### [EXERCISE REQUIREMENTS]
Whenever a picture appears, omit it, and set down everything else in the records exactly.

### [RECORDS FOR THE EXERCISE]
--------------------
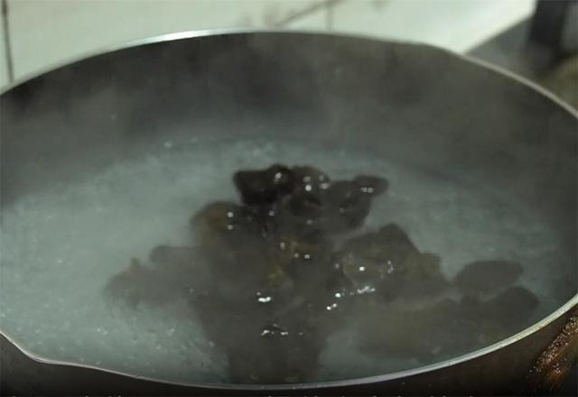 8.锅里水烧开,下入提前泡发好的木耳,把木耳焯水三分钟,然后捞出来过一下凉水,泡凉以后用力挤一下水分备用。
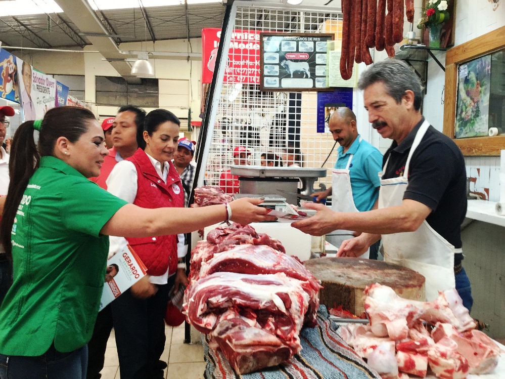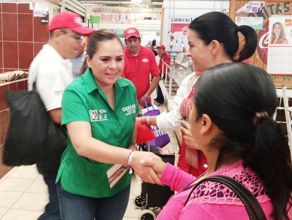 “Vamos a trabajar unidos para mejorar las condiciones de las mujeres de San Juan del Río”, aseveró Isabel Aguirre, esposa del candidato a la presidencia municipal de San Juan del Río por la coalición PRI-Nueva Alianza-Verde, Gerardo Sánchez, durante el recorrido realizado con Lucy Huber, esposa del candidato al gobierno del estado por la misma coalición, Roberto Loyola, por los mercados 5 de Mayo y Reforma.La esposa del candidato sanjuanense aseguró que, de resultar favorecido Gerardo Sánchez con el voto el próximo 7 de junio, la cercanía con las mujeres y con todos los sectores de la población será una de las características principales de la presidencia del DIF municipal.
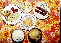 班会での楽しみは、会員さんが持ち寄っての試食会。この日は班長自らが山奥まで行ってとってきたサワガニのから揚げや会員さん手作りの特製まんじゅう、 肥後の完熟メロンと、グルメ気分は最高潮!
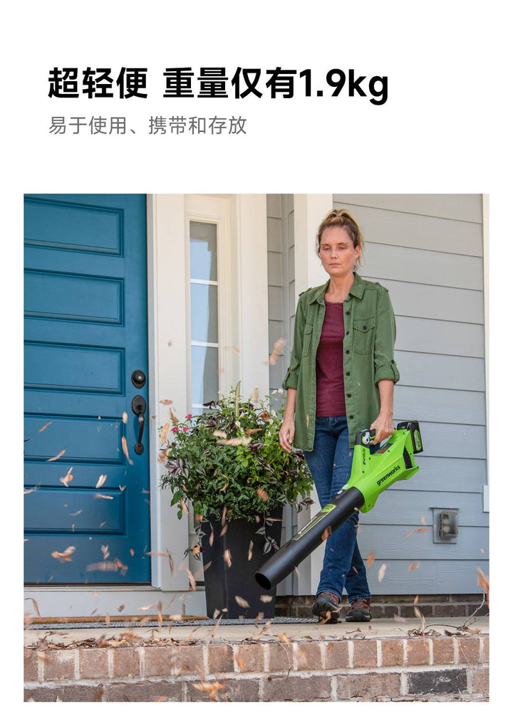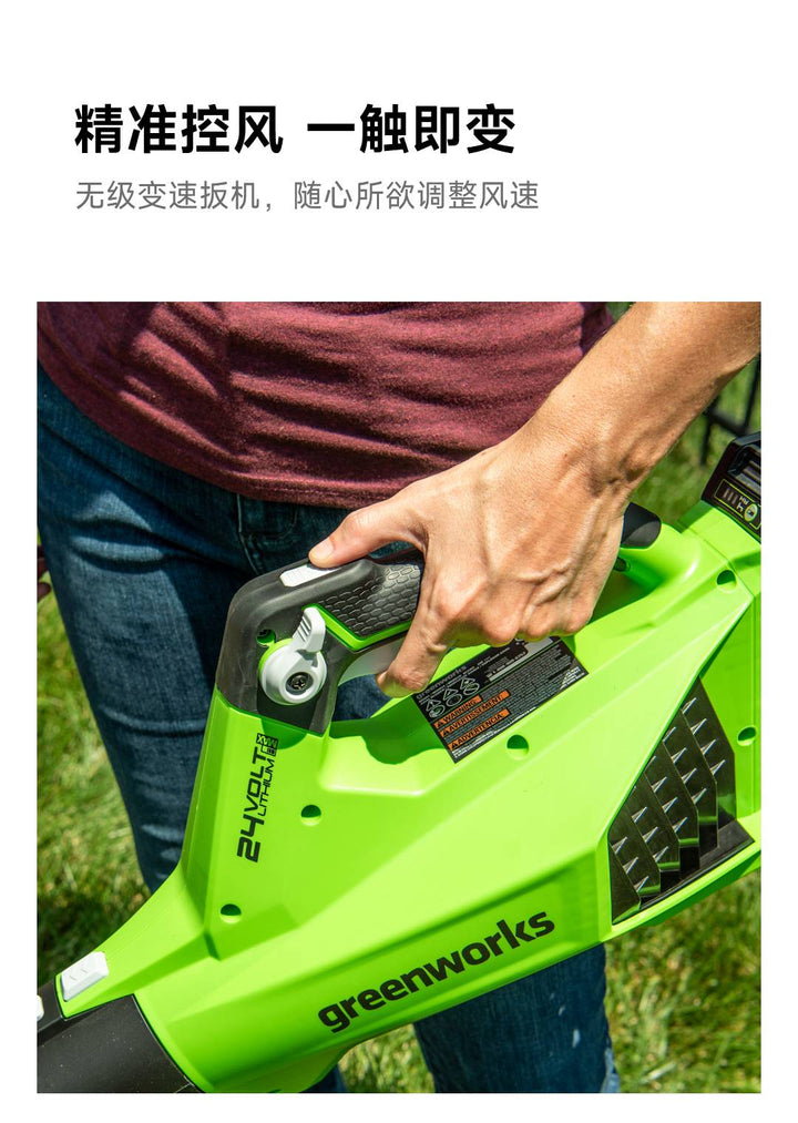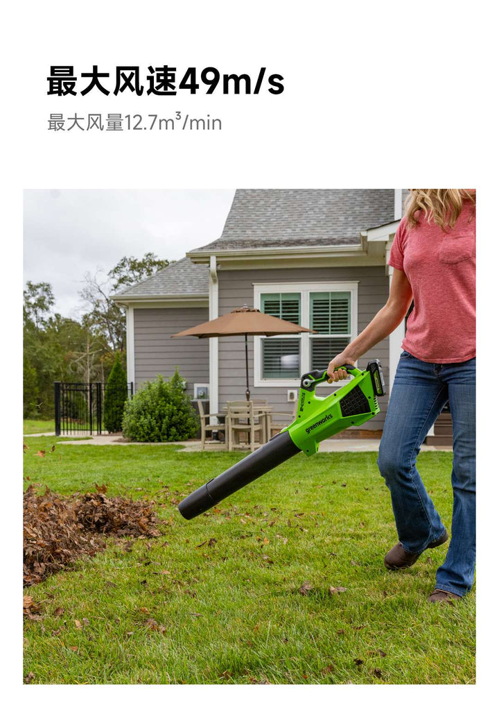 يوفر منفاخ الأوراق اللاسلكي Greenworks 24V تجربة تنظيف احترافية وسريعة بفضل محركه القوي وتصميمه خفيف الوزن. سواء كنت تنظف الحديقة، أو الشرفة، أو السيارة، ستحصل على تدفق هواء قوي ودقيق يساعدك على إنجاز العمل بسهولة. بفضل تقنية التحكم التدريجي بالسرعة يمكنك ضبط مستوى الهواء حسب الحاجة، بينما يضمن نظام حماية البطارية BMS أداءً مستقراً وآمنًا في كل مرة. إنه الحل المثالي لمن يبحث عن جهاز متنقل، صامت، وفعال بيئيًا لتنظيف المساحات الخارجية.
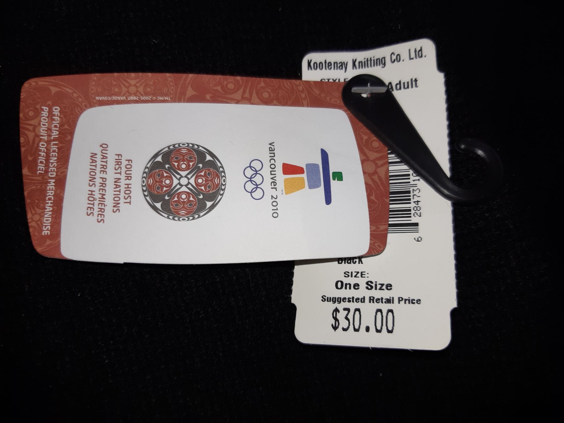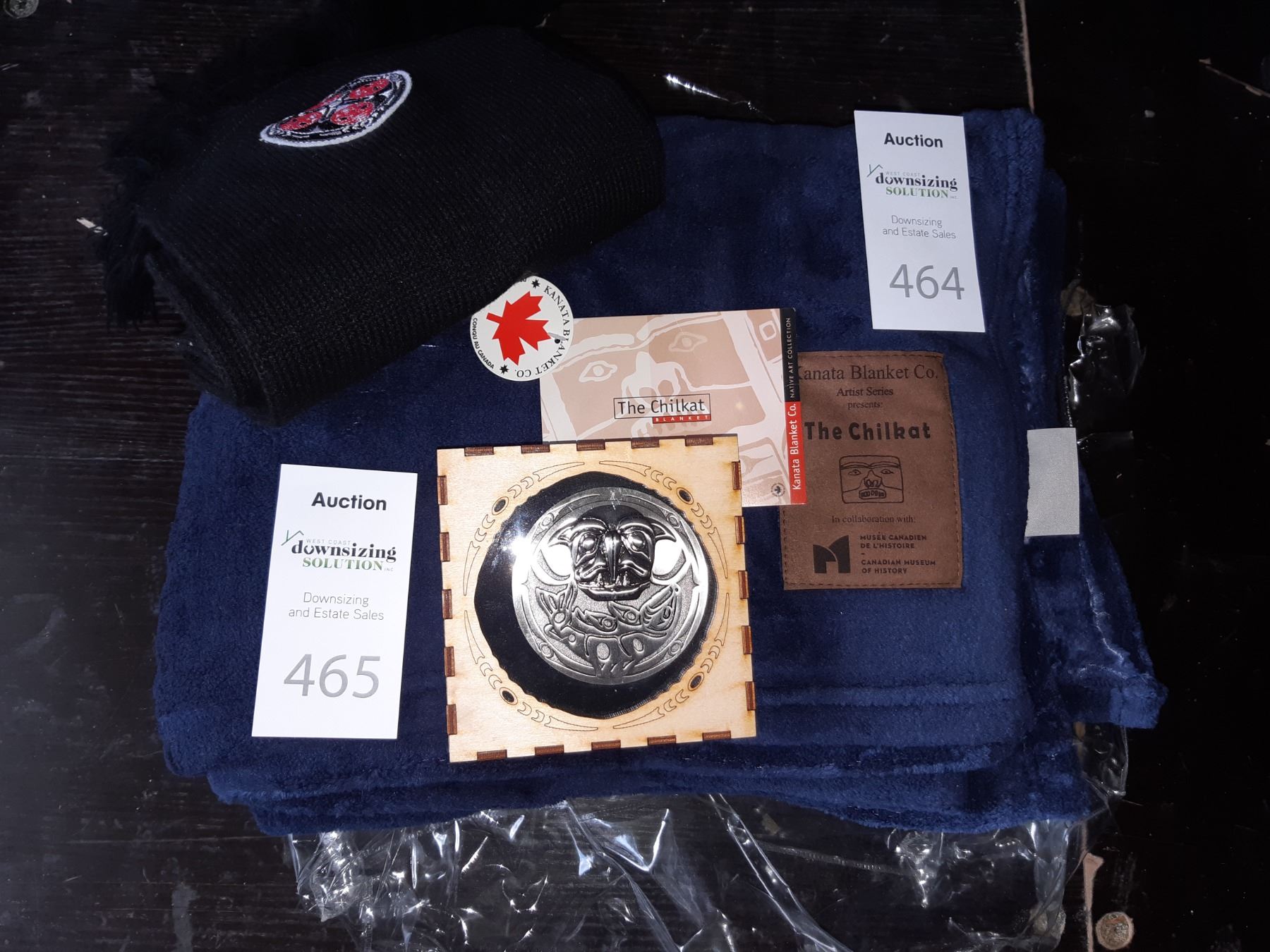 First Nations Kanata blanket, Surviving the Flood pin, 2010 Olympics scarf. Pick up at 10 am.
--------------------
### [WRITTEN RESPONSE]
 8.锅里水烧开,下入提前泡发好的木耳,把木耳焯水三分钟,然后捞出来过一下凉水,泡凉以后用力挤一下水分备用。
 “Vamos a trabajar unidos para mejorar las condiciones de las mujeres de San Juan del Río”, aseveró Isabel Aguirre, esposa del candidato a la presidencia municipal de San Juan del Río por la coalición PRI-Nueva Alianza-Verde, Gerardo Sánchez, durante el recorrido realizado con Lucy Huber, esposa del candidato al gobierno del estado por la misma coalición, Roberto Loyola, por los mercados 5 de Mayo y Reforma.La esposa del candidato sanjuanense aseguró que, de resultar favorecido Gerardo Sánchez con el voto el próximo 7 de junio, la cercanía con las mujeres y con todos los sectores de la población será una de las características principales de la presidencia del DIF municipal.
 班会での楽しみは、会員さんが持ち寄っての試食会。この日は班長自らが山奥まで行ってとってきたサワガニのから揚げや会員さん手作りの特製まんじゅう、 肥後の完熟メロンと、グルメ気分は最高潮!
 يوفر منفاخ الأوراق اللاسلكي Greenworks 24V تجربة تنظيف احترافية وسريعة بفضل محركه القوي وتصميمه خفيف الوزن. سواء كنت تنظف الحديقة، أو الشرفة، أو السيارة، ستحصل على تدفق هواء قوي ودقيق يساعدك على إنجاز العمل بسهولة. بفضل تقنية التحكم التدريجي بالسرعة يمكنك ضبط مستوى الهواء حسب الحاجة، بينما يضمن نظام حماية البطارية BMS أداءً مستقراً وآمنًا في كل مرة. إنه الحل المثالي لمن يبحث عن جهاز متنقل، صامت، وفعال بيئيًا لتنظيف المساحات الخارجية.
 First Nations Kanata blanket, Surviving the Flood pin, 2010 Olympics scarf. Pick up at 10 am.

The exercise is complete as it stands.